(GIVEN MATERIAL)
--------------------------------------------------
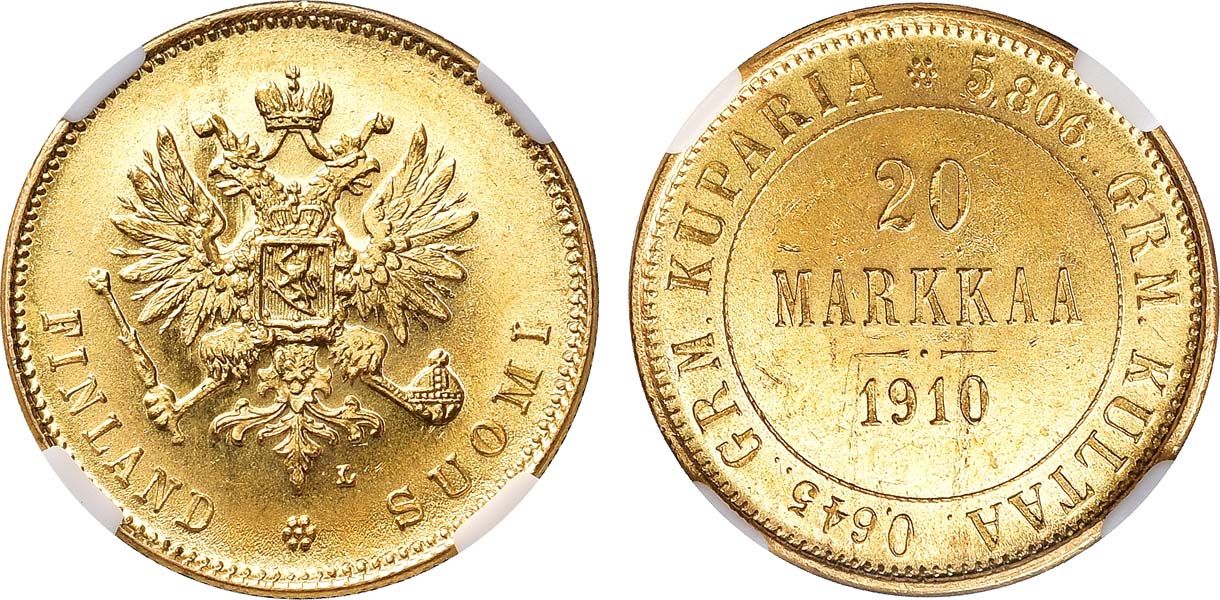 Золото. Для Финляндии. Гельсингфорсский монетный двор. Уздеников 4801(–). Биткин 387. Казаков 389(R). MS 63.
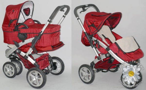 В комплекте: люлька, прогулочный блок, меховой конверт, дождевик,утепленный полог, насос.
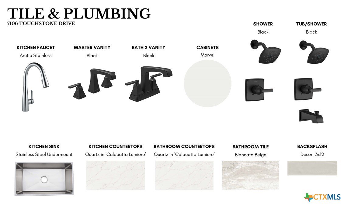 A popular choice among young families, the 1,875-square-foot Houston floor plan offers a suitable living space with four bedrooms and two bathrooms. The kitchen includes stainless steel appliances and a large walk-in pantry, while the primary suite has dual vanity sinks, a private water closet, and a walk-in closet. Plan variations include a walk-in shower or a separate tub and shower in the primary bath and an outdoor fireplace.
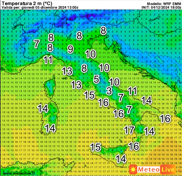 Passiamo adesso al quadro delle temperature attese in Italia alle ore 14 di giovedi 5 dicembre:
--------------------------------------------------
(WHAT NEEDS TO BE DONE)
Each line of the data above must be repeated exactly, images excluded.

(RESULT BELOW)
 Золото. Для Финляндии. Гельсингфорсский монетный двор. Уздеников 4801(–). Биткин 387. Казаков 389(R). MS 63.
 В комплекте: люлька, прогулочный блок, меховой конверт, дождевик,утепленный полог, насос.
 A popular choice among young families, the 1,875-square-foot Houston floor plan offers a suitable living space with four bedrooms and two bathrooms. The kitchen includes stainless steel appliances and a large walk-in pantry, while the primary suite has dual vanity sinks, a private water closet, and a walk-in closet. Plan variations include a walk-in shower or a separate tub and shower in the primary bath and an outdoor fireplace.
 Passiamo adesso al quadro delle temperature attese in Italia alle ore 14 di giovedi 5 dicembre:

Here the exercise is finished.